The nation faces challenges to national security, and the economic challenges due to increased globalization, but Pataki thinks pollution and the threat of climate change challenges the promise of a better life for future generations. Pataki thinks the one major issue facing the nation is its reliance on foreign oil and fossil fuels, but no one has laid down an optimistic and pragmatic solution to these issues, he said.

Pataki also said the government should support research in alternative energies by protecting the rights to explore and utilize renewable sources. The government could also make a difference with small changes. One such change, he said, is that the government could guarantee to buy vehicles that use clean and renewable fuel, which would create a market for such vehicles "overnight." Some initiatives have been undertaken in New York already, and Pataki believes that there must be a nationwide initiative, as well as new means for physically transporting alternative forms of energy across the country.

Pataki drew a parallel between the Soviet launch of Sputnik and the environmental issues facing the nation today.
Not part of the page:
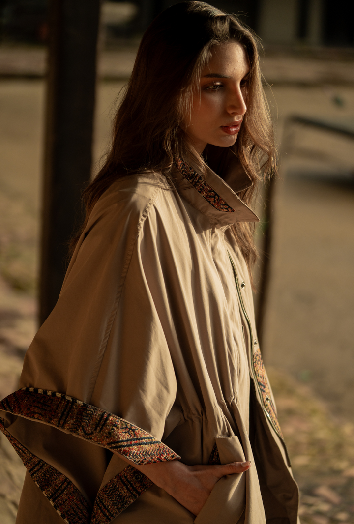 Nuestra capa con broches laterales ajustables crean una silueta elegante y favorecedora. Realzada por delicados detalles de telar, ofrece el equilibrio perfecto entre un diseño minimalista y acentos impactantes. Es una pieza versátil para superponer, esencial para la mujer que busca una sofisticación sin esfuerzo con un toque moderno.

"It was a crisis, and the United States responded to the crisis, and in the process created technology which is still used today," Pataki said. "In my mind, this is every bit as serious a crisis, and we need every bit as strong a leader laying out a pragmatic, optimistic solution that can bring the American people together, so we have that unity that we had when we confronted the Sputnik challenge, and we had that unity that we had for so short a period of time after September 11."

In a question-and-answer session following his lecture, one audience member asked about the response to 9/11 in comparison to the response to Hurricane Katrina. Pataki responded that the difference in the responses to those incidents depended on the leadership at the time. On 9/11, Guiliani created a command center in Manhattan, and Pataki decided that he would not have a separate center from the mayor's.

"We were going to have one unified command, we would speak as one voice, we would act as one body," Pataki said. "So I think it depends on the leadership at the time, and their willingness to work together."